··· ENTRIES SHOWN ···
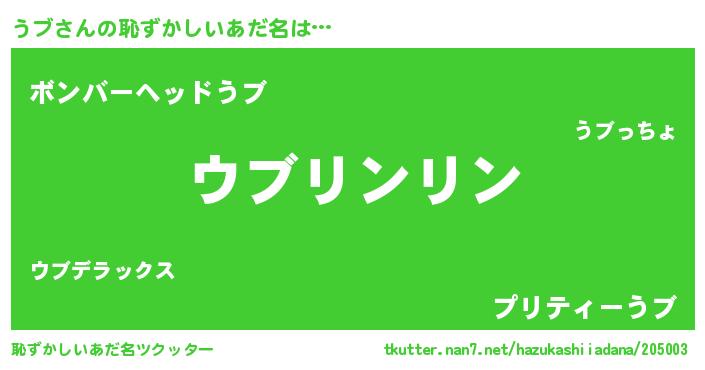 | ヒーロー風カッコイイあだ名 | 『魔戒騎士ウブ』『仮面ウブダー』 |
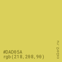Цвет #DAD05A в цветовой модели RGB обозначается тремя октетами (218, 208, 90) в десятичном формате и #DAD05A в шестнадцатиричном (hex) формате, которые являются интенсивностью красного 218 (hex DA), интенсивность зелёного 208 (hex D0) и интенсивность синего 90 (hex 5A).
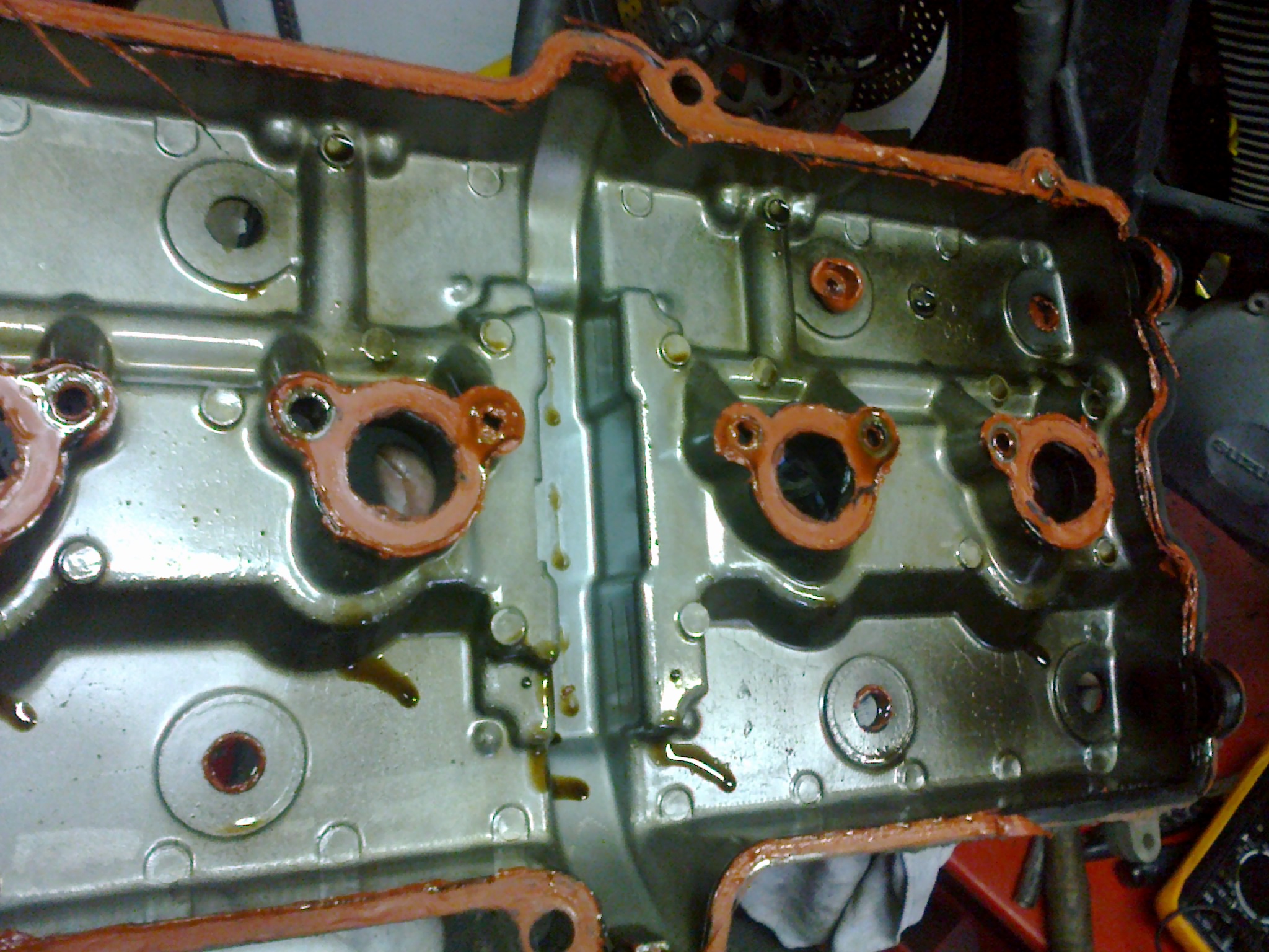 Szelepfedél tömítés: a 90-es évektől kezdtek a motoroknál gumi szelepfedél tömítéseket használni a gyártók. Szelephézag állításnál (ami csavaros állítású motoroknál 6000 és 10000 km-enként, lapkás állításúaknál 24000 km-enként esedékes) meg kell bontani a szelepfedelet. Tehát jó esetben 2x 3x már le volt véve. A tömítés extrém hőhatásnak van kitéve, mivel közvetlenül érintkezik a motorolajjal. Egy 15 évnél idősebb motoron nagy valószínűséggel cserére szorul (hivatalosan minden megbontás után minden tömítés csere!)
···
··· ENTRIES SHOWN ···
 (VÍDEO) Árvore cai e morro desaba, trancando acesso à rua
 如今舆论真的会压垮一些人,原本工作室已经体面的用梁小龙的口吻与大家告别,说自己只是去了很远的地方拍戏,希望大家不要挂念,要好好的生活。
···
PROBLEM TO WORK ON:
Using the data above, give again exactly the lines starting at the one holding "ヒーロー風カッコイイあだ名 | 『魔戒騎士ウブ』『仮面ウブダー』 |" and ending at the one holding "Szelepfedél tömítés: a", inclusive, and nothing more. Omit the pictures.

SOLUTION TO THIS TASK:
 | ヒーロー風カッコイイあだ名 | 『魔戒騎士ウブ』『仮面ウブダー』 |
Цвет #DAD05A в цветовой модели RGB обозначается тремя октетами (218, 208, 90) в десятичном формате и #DAD05A в шестнадцатиричном (hex) формате, которые являются интенсивностью красного 218 (hex DA), интенсивность зелёного 208 (hex D0) и интенсивность синего 90 (hex 5A).
 Szelepfedél tömítés: a 90-es évektől kezdtek a motoroknál gumi szelepfedél tömítéseket használni a gyártók. Szelephézag állításnál (ami csavaros állítású motoroknál 6000 és 10000 km-enként, lapkás állításúaknál 24000 km-enként esedékes) meg kell bontani a szelepfedelet. Tehát jó esetben 2x 3x már le volt véve. A tömítés extrém hőhatásnak van kitéve, mivel közvetlenül érintkezik a motorolajjal. Egy 15 évnél idősebb motoron nagy valószínűséggel cserére szorul (hivatalosan minden megbontás után minden tömítés csere!)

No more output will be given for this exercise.